At the second session of the fourth Congress, on the 2d of March, 1797, the following resolution was adopted:—

"United States in Congress assembled.

"Resolved, by the Senate and House of Representatives of the United States of America in Congress assembled, That the President be requested to adopt some speedy and effectual means of obtaining information from the states of Connecticut, New Jersey, Pennsylvania, Maryland, Virginia, Kentucky, Tennessee, and South Carolina, whether they have ratified the amendment proposed by Congress to the Constitution concerning the suability of states; if they have, to obtain the proper evidence thereof.

"JONATHAN DAYTON, Speaker of the House of Representatives.
"WILLIAM BINGHAM, President, pro tempore, of the Senate.


"Approved, March 2, 1797.

"GEORGE WASHINGTON, President of the United States."

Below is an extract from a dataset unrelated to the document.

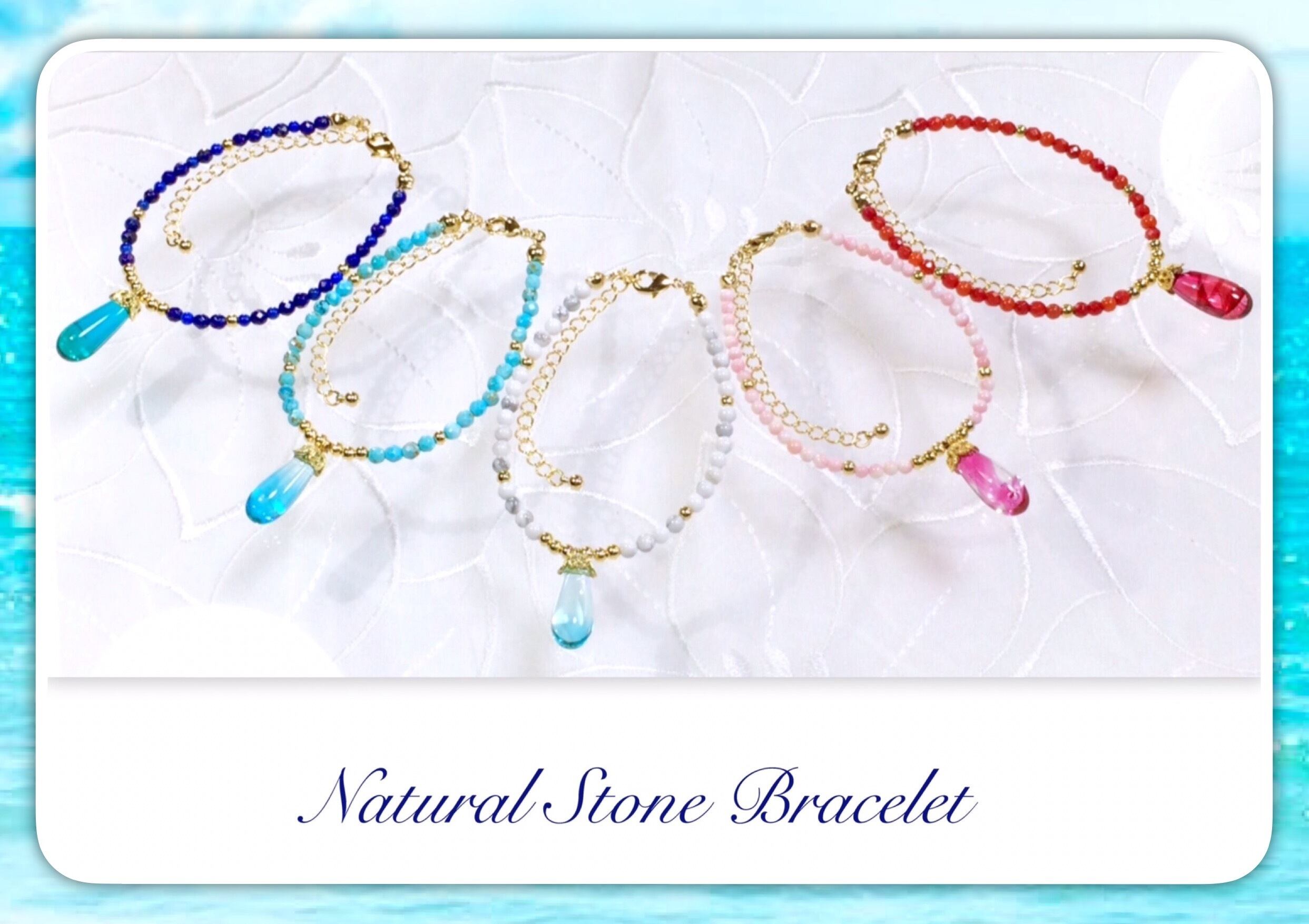 幸運を呼び寄せる石として人気の高い“ラピスラズリ”を使用した、華奢でシンプルなティアガラスブレスレット。夜空の様な輝きを持つ美しいラピスラズリと、カリブ海をイメージさせる神秘的なガラスの輝きが、モダンで洗練された大人の手元を演出してくれます☆

At the second session of the fifth Congress, the following message from the President of the United States was transmitted to both houses:—

From a report of the secretary of state, made under the direction of President Adams, on the 28th December, 1797, it appeared that the states of Connecticut, Maryland, and Virginia, had ratified the amendment; that New Jersey and Pennsylvania had not ratified it; South Carolina had not definitely acted upon it. No answers had been received from Kentucky and Tennessee.

MESSAGE.

"Gentlemen of the Senate, and Gentlemen of the House of Representatives:

"I have an opportunity of transmitting to Congress a report of the secretary of state, with a copy of an act of the legislature of the state of Kentucky, consenting to the ratification of the amendment of the Constitution of the United States proposed by Congress, in their resolution of the second day of December, 1793, relative to the suability of states. This amendment having been adopted by three fourths of the several states, may now be declared to be a part of the Constitution of the United States.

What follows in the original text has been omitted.